Which we would express functionally as:

add(mul(cos(x), sin(y)), div(sub(a,b), c)))

If we remove the function parentheses and further assume we have no idea what the arity of the functions involved is, then we have an ambiguous expression (or so it would seem):

/add /mul /cos x /sin y /div /sub a b c

Here I’m using /*name* to indicate a function. Anything else is a parameter.

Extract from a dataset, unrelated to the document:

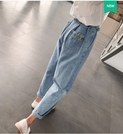小谷粒新款chic直筒牛仔裤女宽松韩版腰部收褶显瘦百搭哈伦裤潮
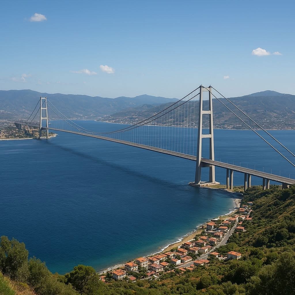 Мост через Мессинский пролив между Сицилией и Калабрией — это один из самых амбициозных инженерных проектов в мире, который сталкивается с множественными техническими вызовами: Сейсмическая активность Регион находится в высокосейсмической зоне на стыке Африканской и Евразийской тектонических плит. Мост должен выдерживать землетрясения магнитудой до 7,1 балла. Это требует специальных антисейсмических технологий, включая системы изоляции основания и демпферы для поглощения колебаний. Экстремальные ветровые нагрузки Мессинский пролив известен сильными ветрами, включая сирокко, который может достигать скорости 200 км/ч. Мост должен противостоять аэродинамической неустойчивости, что требует сложного моделирования воздушных потоков и специального профилирования конструкций. Морские условия Глубина пролива достигает 140 метров, что усложняет строительство опор. Сильные течения (до 2,5 м/с) и высокие волны создают дополнительные нагрузки на конструкцию. Геологические особенности Дно пролива

Without knowing that `/cos`

and `/sin`

take one parameter, while the rest all take two, it’s impossible to evaluate the expression (or so it would seem).

**§**

But currying saves the day.

The sequence of events, token by token, goes like this:

- Token
**/add**is a function, so push it on the stack. - Token
**/mul**is a function, so push it on the stack. - Token
**/cos**is a function, so push it on the stack. - Token
**x**is a parameter, so pop function /cos and invoke it with the parameter. - Function /cos returns a
**parameter**, so pop and invoke /mul with it. - Function /mul returns a
**function**, so push it on the stack. - Token
**/sin**is a function, so push it on the stack. - Token
**y**is a parameter, so pop and invoke /sin with parameter. - Function /sin returns a
**parameter**, so pop and invoke /mul2. - Function /mul2 returns a
**parameter**, so pop and invoke /add. - Function /add returns a
**function**, so push it on the stack. - Token
**/div**is a function, so push it on the stack. - Token
**/sub**is a function, so push it on the stack. - Token
**a**is a parameter, so pop and invoke /sub. - Function /sub returns a
**function**, so push it on the stack. - Token
**b**is a parameter, so pop and invoke /sub2. - Function /sub2 returns a
**parameter**, so pop and invoke /div. - Function /div returns a
**function**, so push it on the stack. - Token
**c**is a parameter, so pop and invoke /div2. - Function /div2 returns a
**parameter**, so pop and invoke /add2. - Function /add2 returns a
**parameter**; stack is empty so return it.

So it all works out rather nicely.

∅

Wyrd Smythe

said:Note currying doesn’t solve the problem of functions that take variable numbers of parameters, such as how $print works in many contexts.

As noted in the text, it’s impossible to tell

`⟨$print A⟩`

from`⟨$print A B C D⟩`

unless the language uses some form of syntax to determine what ends the list. The most common technique is some form of bracketing:`print(A)`

versus`print(A B C D)`

`(print: A)`

versus`(print: A B C D)`

Less common is an ‘end of list’ marker, although sometimes punctuation is used:

`$print A;`

versus`$print A B C D;`

In a few cases, the end of the text line signifies the end of the list.

Another possibility is that the function always takes a single parameter, but that parameter can be a single item or list. (If necessarily always a list, a list with a single item.)

`print(A, B, C, D)`

`$print A,B,C,D`

`(print: (list: A B C D))`

As the first example shows, many languages that use that syntax have the notion of a list of input arguments built in. The second example uses commas to join objects in an implicit list.

The third example assumes the print: function takes only one parameter, but that parameter can be a list.

With regard to currying a function with a variable argument list, about the only technique possible uses an ‘end-of-list’ marker of some kind. For example, the $print function returns a function that takes a parameter and returns a function. That function does the same so long as the parameter isn’t an EOL marker. A function that does take an EOL marker as its parameter does not return a function, it returns the final result.